Autonomous Vehicle Applications Lab (AVAL)

The Autonomous Vehicle Applications Lab (AVAL), part of NASA Ames Research Center’s Human Systems Integration Division, focuses on the development of human interaction concepts for autonomous vehicle systems. Its mission centers on enhancing and improving the interface between humans and autonomous technologies, especially with regard to emerging unmanned air mobility systems.

Lab Capabilities

Trial Planning Tools

The lab has developed automated tools that compute and provide new route options to support decision-making research. These tools help resolve traffic conflicts, avoid hazardous weather, divert to alternate landing locations, and recover from missed approaches. A central feature is the Operation Table, which visually supports these functions.
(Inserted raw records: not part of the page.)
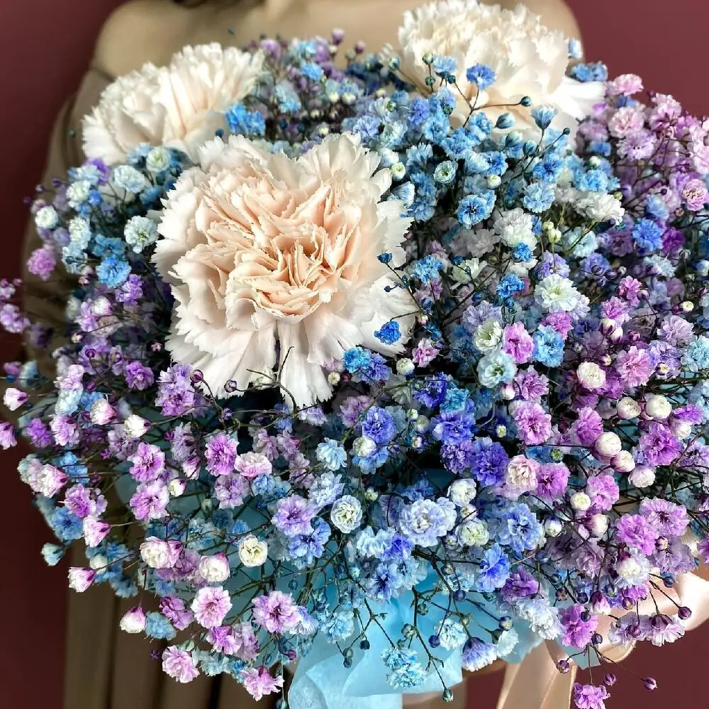 Букеты живых цветов с гвоздикой и гипсофилой в нежной шляпной коробке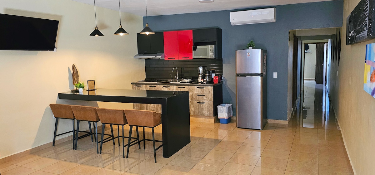 Департамент Гвадалахари / Зоопарк / Арена Гвадалахари Сучасне, комфортабельне помешкання з 2 кімнатами, де ви почуватиметеся як удома. Прогулюйтеся до зоопарку та арени Гвадалахари (обидва розташовані за 600 метрів). Розташована в дуже тихому та безпечному кондомініумі, з приватним паркувальним місцем і дахом лише для вас. 2 хвилини від швидкісних доріг, таких як периферія та Кальсада Індепенденсія. Ми виставляємо рахунок-фактуру.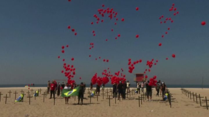 Brasile, palloncini rossi per ricordare 100.000 vittime del Covid

This tool supports decision-making research and demonstrates applications for Urban Air Mobility (UAM), including the strategic use of vertiports and structured airspace for optimized route planning.

AVAL Research

Use Case Development / Concepts

The AVAL begins its research by crafting operational scenarios that illustrate the intended use of new systems. The Use Case Team identifies behaviors and collaborative actions between performers, defines operational parameters, and formulates research questions to guide concept development. These research questions serve as the basis for formal dissertations and broader research projects. The team collaborates with subject matter experts to ground its work in practical realities. Urban Air Mobility is of particular interest due to its potential to leverage low-altitude airspace, reduce ground traffic congestion, connect nearby regions, and support emergency evacuations. The Concept of Operations, as published by the Federal Aviation Administration (FAA) and industry partners, guides the research—especially when current capabilities are challenged by new UAM demands.
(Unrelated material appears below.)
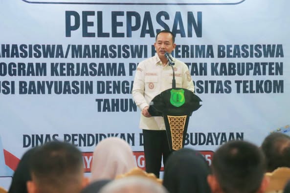 Yang pada kesempatan ini dihadiri langsung oleh Wakil Bupati Muba Rohman. Dalam sambutannya mengatakan, hari ini adalah hari yang penuh makna yaitu hari pelepasan bagi putra putri berasal dari kabupaten Muba yang akan menjadi calon mahasiswa Universitas Telkom Bandung penerima bantuan beasiswa Pemkab Muba.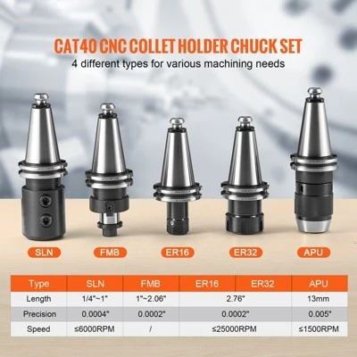 Spring Steel Design: Elevate your machining with our high-performance CAT40 collet holder and ER spring collet chucks, offering exceptional balance and a long service life. Includes 6 x CAT40 SLN collet holders with sizes: 1/4″, 3/8″, 1/2″, 5/8″, 3/4″, 1″; ER32 and ER16 dynamic balance collet holders have a prominent length of 2.76”; APU collet holder with an extension length of 13 mm and a 1″-2.06″ FMB collet holder.

Research deliverables include:

• Sequence Diagrams: These outline all actions and interactions throughout a flight, including off-nominal cases like speed changes or missed approaches. Diagrams are broken into stages (pre-flight, departure, enroute, arrival) and highlight conditional or simultaneous actions.
• Storyboards: These are reader-friendly translations of sequence diagrams which are especially useful to help increase understanding.
• MagicDraw Activity Diagrams: These diagrams, built using Systems Modeling Language (SysML), offer a standardized, graphical way to model use cases.
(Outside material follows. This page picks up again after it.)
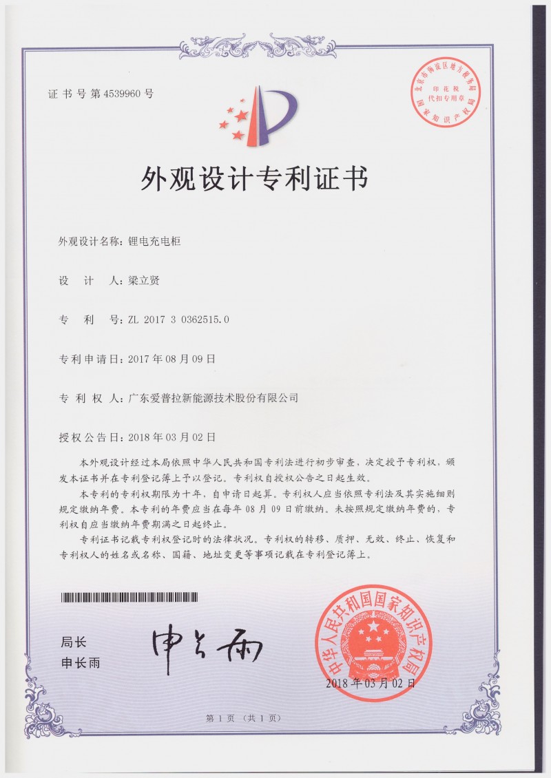 發證機構:   中國人民共和國知識產權局局 發證時間 :   2017-08-09

The outcomes of these efforts drive the development of our research agenda, inform collaboration with stakeholders (e.g., FAA, industry), and build shared understanding about system operation.

Urban Air Mobility (UAM) Human Systems Integration Research

Operator Roles and Responsibilities
The UAM operator is responsible for the overall management of UAM operations. This includes conflict resolution within established airspace structures and adapting to future regulatory frameworks.

Tools and Automation Development
This work draws on the Trial Planning tool and additional software systems to enable human-system integration research for UAM environments. Visual tools and interface prototypes support this effort and are essential to simulation and evaluation.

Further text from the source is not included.